Electronic Cigarettes

What I would like to know is are there currently ongoing Studies that might be Submitted in the Future?

I'm sure if there were Finished Studies, Someone would have Submitted them Already. Right?

At the time that FDA wrote the quoted text, they were trying to regulate electronic cigaettes as a drug & drug-delivery device combination. In that context, conducting clinical trials and submitting them to FDA would be a prerequisite for obtaining approval to market this new "treatment". Judge Leon's ruling changed all that. If there is any public health concern, according to the judge, FDA could take care of this by regulating the products under the (then) newly-passed tobacco Act.

How many clinical trials do you suppose RJ Reynolds submitted to FDA before beginning to sell Camel cigarettes, Camel snus, orbs, strips, and sticks? Zero. In the past there was never any requirement to submit a new tobacco product to the FDA.

Several small studies of e-cigarettes have been completed by independent researchers. These have been published in scientific journals or presented at scientific conferences such as the SRNT conference I am attending as I write this. The FDA staff is fully aware of these, as they read all the scientific journals and they have at least a dozen employees at attendance in conferences such as this.
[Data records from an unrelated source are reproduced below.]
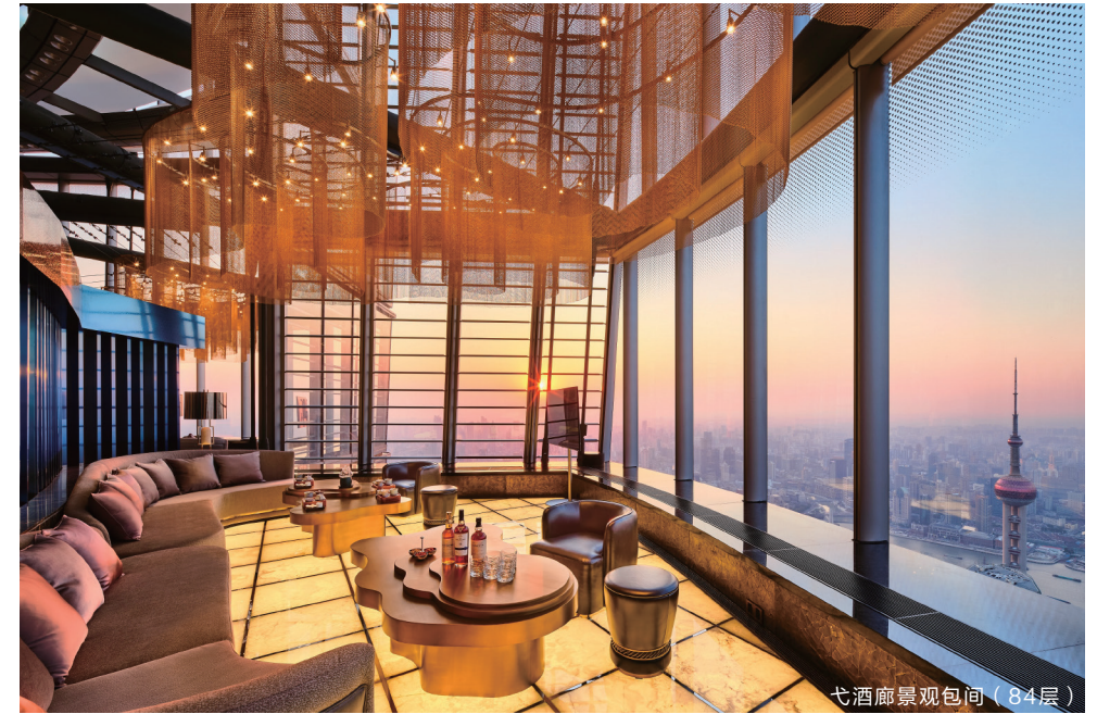
弋酒廊景观包间 (84层)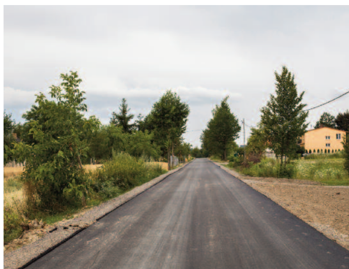
Budowa drogi w m. Jabłonna Pierwsza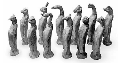
唐十二生肖俑 (甘肃省博物馆藏)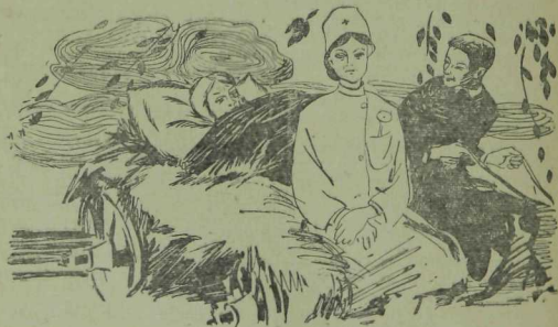
Х. Әхмәтжанов рәсемнәре.

Беркадәр вакыт кызу гына бардык та, хатын тагын ухылдарга тотынды.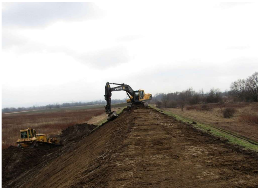
Foto. 18. Zdejmowanie warstwy humusu na Zadaniu 1, stan w trzeciej dekadzie lutego 2020 r. (widok w górę rzeki).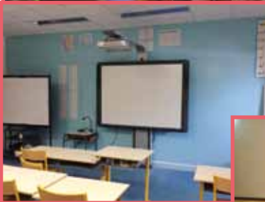
Vie scolaire et périscolaire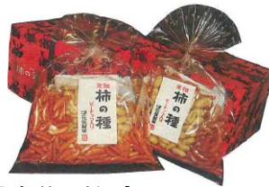
「巾着 柿の種 160g」 浪花屋製菓（株）

良質な水稲もち米、昔ながらの蒸籠創り、良質な水を使用し丁寧に作り上げました。笹の葉のさわやかな香りも一緒にお召し上がりください。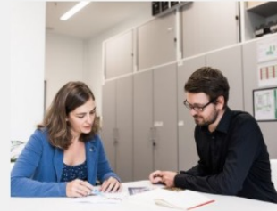
Beratung und Unterstützung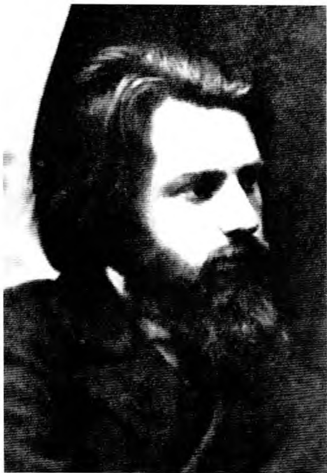
П.Б. Струве — студент, начало 1890-х годов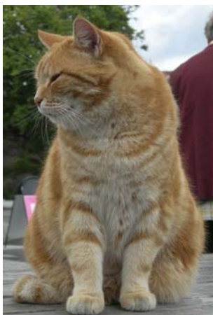
Clinton, TV-katt.

Arbetshelg 20 - 21 oktober Ring 0340 - 65 12 85 Kuggaviksgården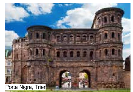
Porta Nigra, Trier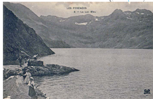
J'ai toujours été très prisé pour des excursions (ici entre 1903 et 1910)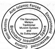
Fig 2. The Serumpun Malayu Traditional Muslim System And Its Environment

According to Sardar, the spiritual subsystem is the insulating space which would allow Muslim to shape their values and Islamic world-view. The insulating space is the guide parameters of Islam or guidance which is provided within a framework of basic Islamic concepts such as the Concept of Iman (faith), birr (righteousness), taqwa (piety), life, equality, peace and morality, among many others (Sardar, pp 239-245).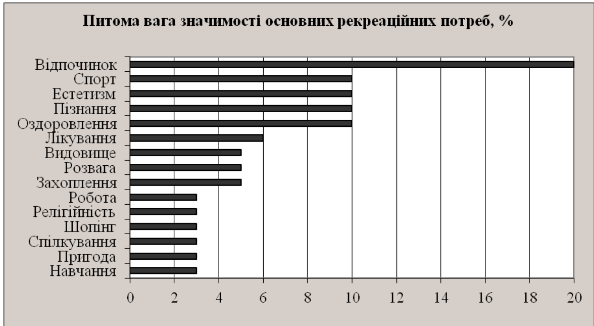
Рис. 1. Значимість основних рекреаційних потреб [48, с. 57-65]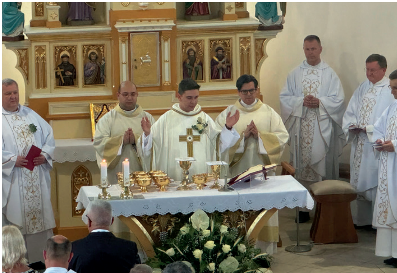
• Primičná svätá omša v Malom Šariši 22. 6. 2024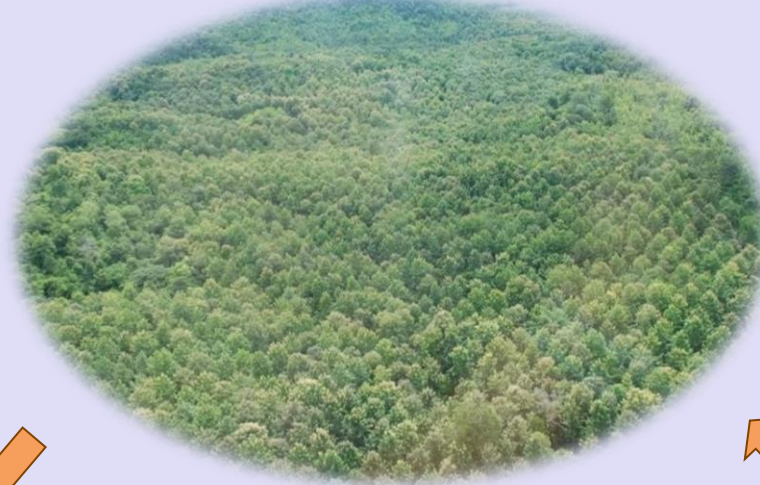
สิ่งแวดล้อม

Nobody just "submits" the results of studies on an ad hoc basis to FDA.

There is an entire New Drug Approval (NDA) process in place for pharmaceutical companies to seek approval for a new medical drug or device. It begins by ponying up a large sum of money to the FDA to kick off the process and then completing a series of safety and efficacy (to see whether the drug works as intended) studies, starting with testing on animals and ending with large clinical trials.

Under the tobacco Act, all products that were on the market as of February of 2007 can stay on the market as-is. Any new tobacco products will need to go through an approval process that has not yet been defined by FDA. Any product that the manufacturer wants to make reduced-exposure or reduced risks claims about will need to go through an approval process that, again, the FDA has not yet defined.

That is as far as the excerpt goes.